Operator Framework is designed to ease deployment and management of apps on top of Kubernetes clusters. We break it down with former CoreOS CEO Alex Polvi.

Red Hat plans to bring the new Operator Framework to its OpenShift Container Platform and Kubernetes cluster tools in general. This should give teams a consistent way to manage complex applications across Kubernetes clusters that may run on private clouds, Azure, AWS or other providers.

Red Hat released Operator Framework -- which acts like a Kubernetes cluster service -- recently, but now, the company intends to embrace it within its own ecosystem as part of its recent CoreOS acquisition.

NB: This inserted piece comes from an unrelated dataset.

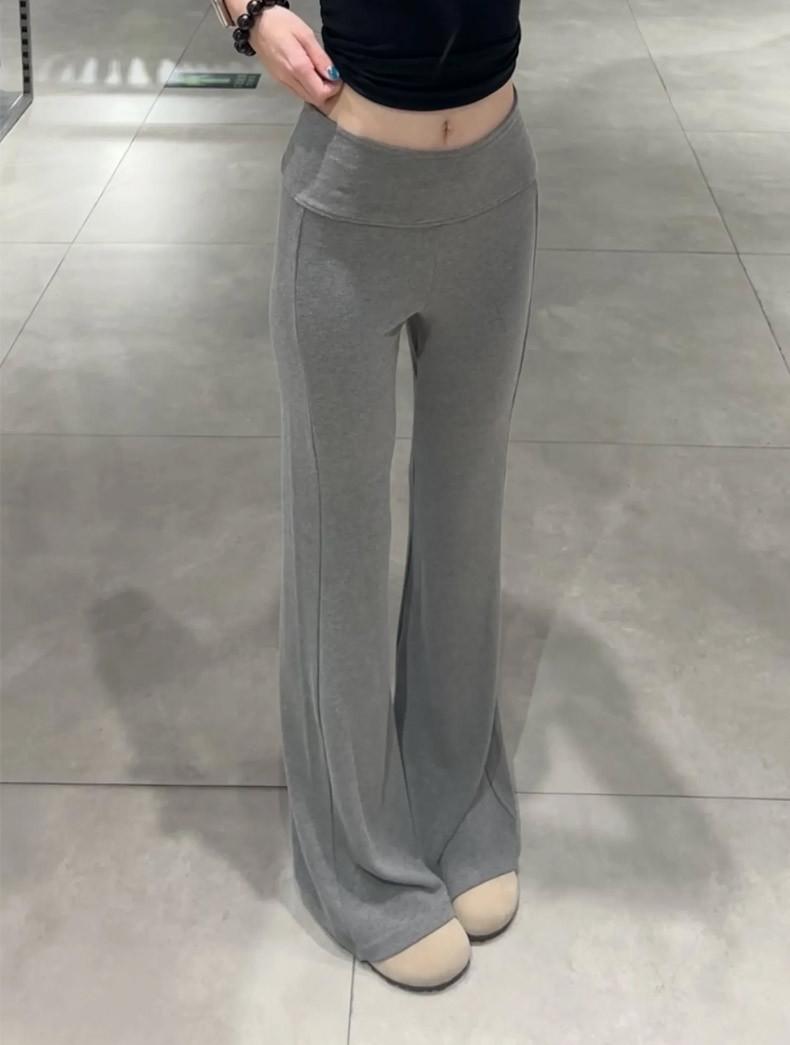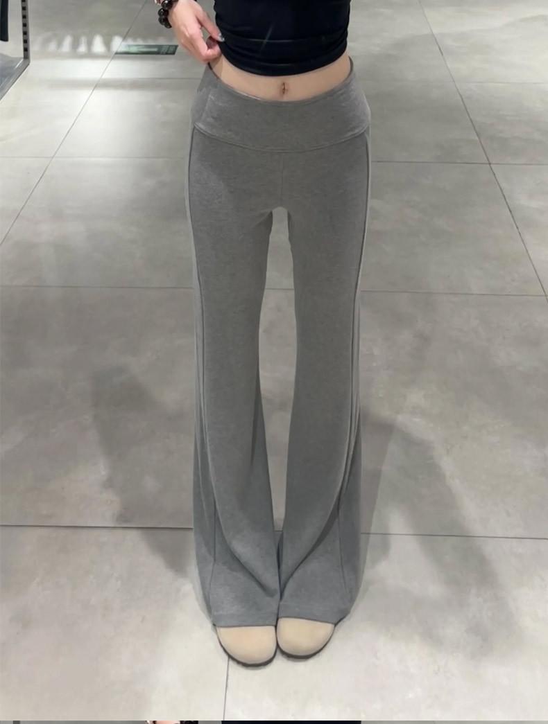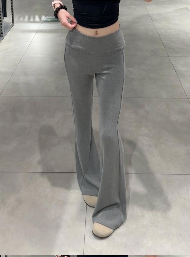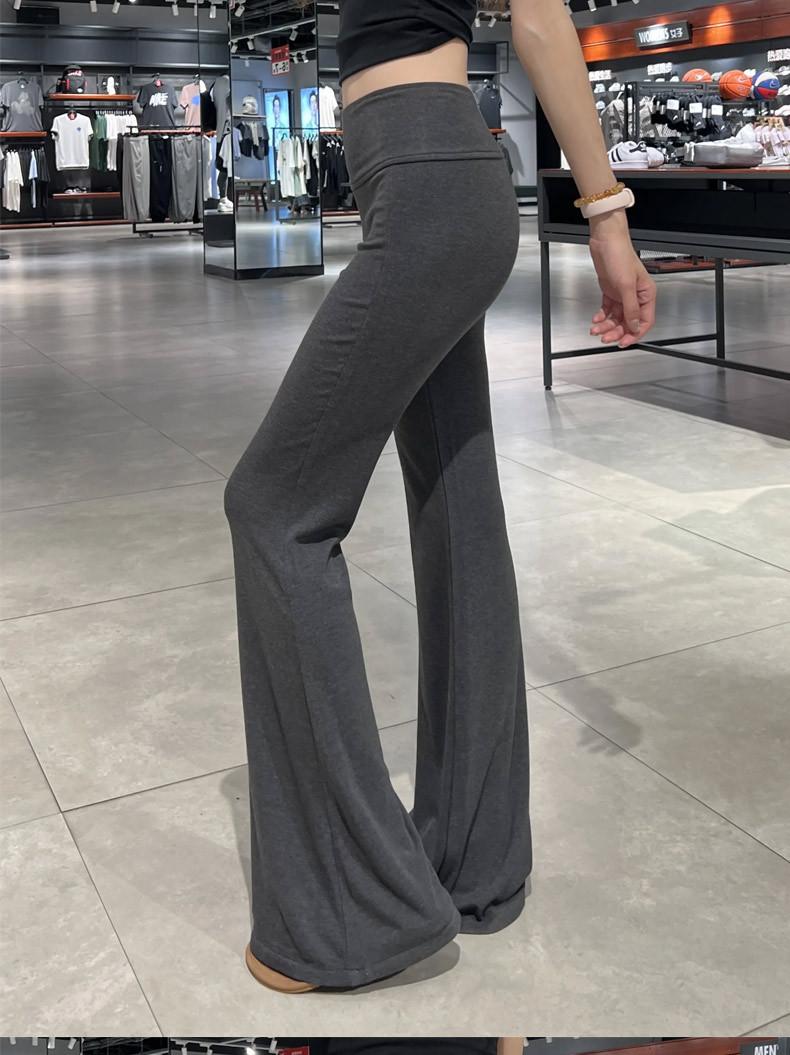 Pantalones Acampanados Micro Deportivos Grises para Mujer Primavera y Otoño Cintura Alta Caída Chica Hot Petite Adelgazantes Yoga Acampanados
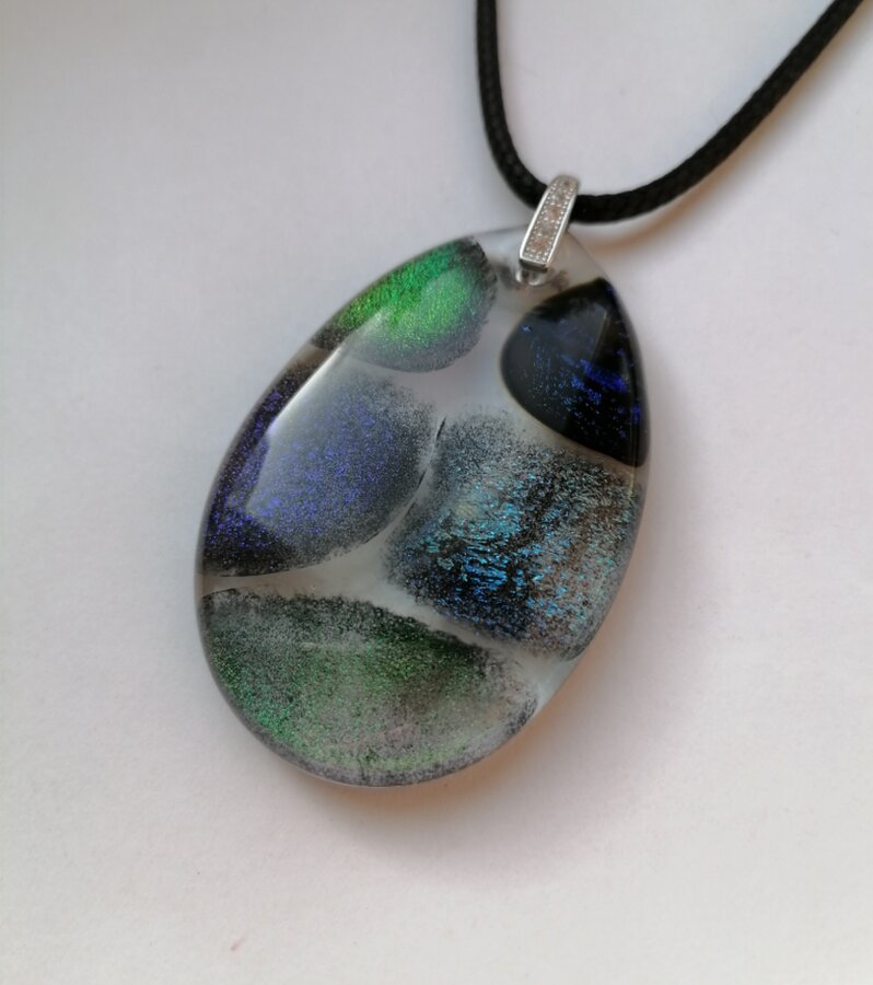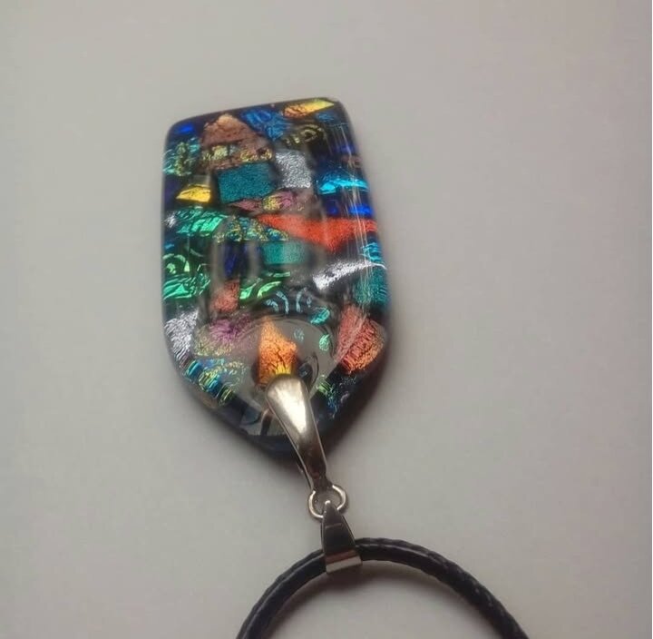 Подвеска авторской работы. Сплав стекла с разноцветными фрагментами. Ручная работа.

Until now, there has not been an easy way to describe how a cluster can manage complex applications in programmers' terms. Docker and other container platforms made deployment simpler and easier to manage apps on a single container. That left developers, though, alone to manage the orchestration across Kubernetes clusters. Developers have typically done this outside of the cluster itself, which only adds more complexity and inconsistency.

CoreOS developed the core technology behind Operator Framework as part of its Tectonic platform. Red Hat is now integrating it into a coherent technology stack and market branding as part of the CoreOS acquisition. The work is preliminary, but more than 60 independent software vendors have signed on to add these capabilities into various tools that can already run on top of Kubernetes clusters.

Kubernetes cluster service management

Operator Framework provides tools for developers to create application management capabilities that can run inside of Kubernetes clusters, along with a collection of apps themselves. These management apps are called "Operators."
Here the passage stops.